Retype the whole listing exactly. Leave out pictures.

(Provided material):
____________________
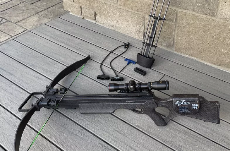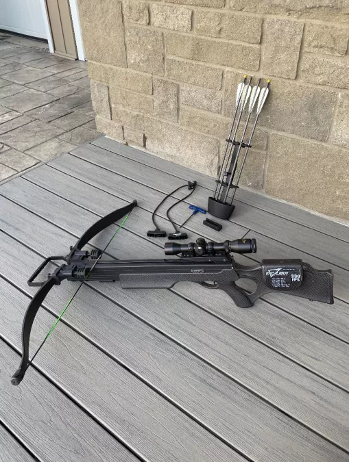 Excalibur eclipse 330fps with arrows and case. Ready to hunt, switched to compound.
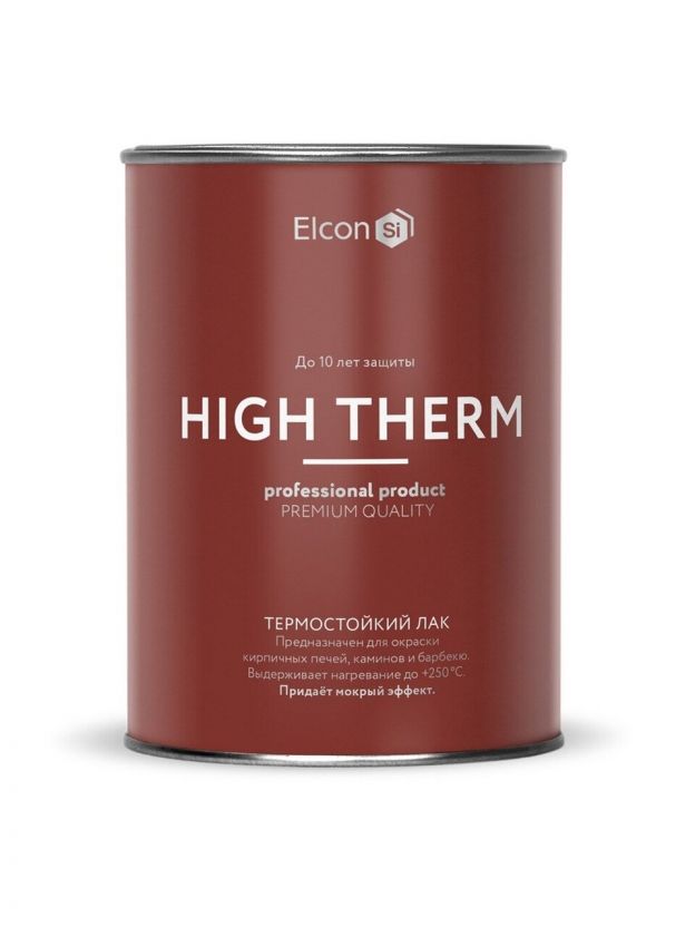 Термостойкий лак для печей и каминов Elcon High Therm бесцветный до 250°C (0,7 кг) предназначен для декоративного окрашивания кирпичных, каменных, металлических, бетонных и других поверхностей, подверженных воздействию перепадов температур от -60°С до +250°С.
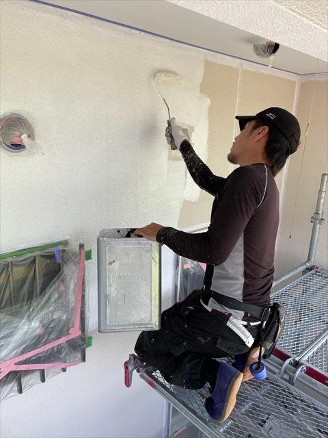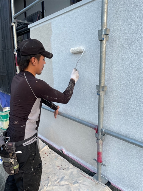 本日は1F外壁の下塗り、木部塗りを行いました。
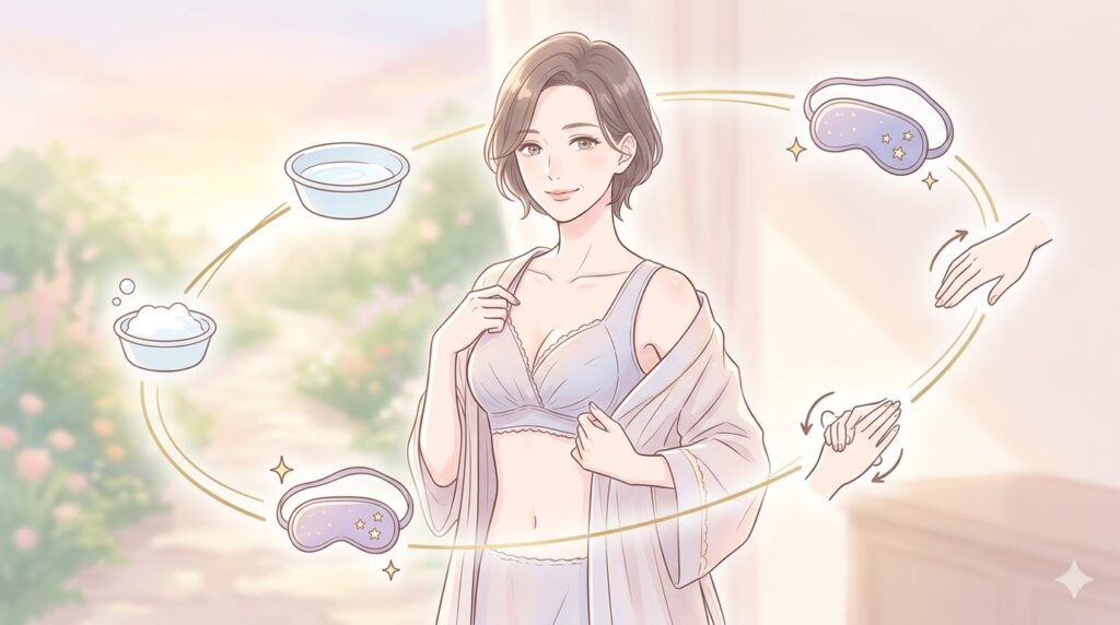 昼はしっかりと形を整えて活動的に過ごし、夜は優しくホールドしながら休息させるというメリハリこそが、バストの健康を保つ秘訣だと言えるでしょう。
____________________
(The completed task):
 Excalibur eclipse 330fps with arrows and case. Ready to hunt, switched to compound.
 Термостойкий лак для печей и каминов Elcon High Therm бесцветный до 250°C (0,7 кг) предназначен для декоративного окрашивания кирпичных, каменных, металлических, бетонных и других поверхностей, подверженных воздействию перепадов температур от -60°С до +250°С.
 本日は1F外壁の下塗り、木部塗りを行いました。
 昼はしっかりと形を整えて活動的に過ごし、夜は優しくホールドしながら休息させるというメリハリこそが、バストの健康を保つ秘訣だと言えるでしょう。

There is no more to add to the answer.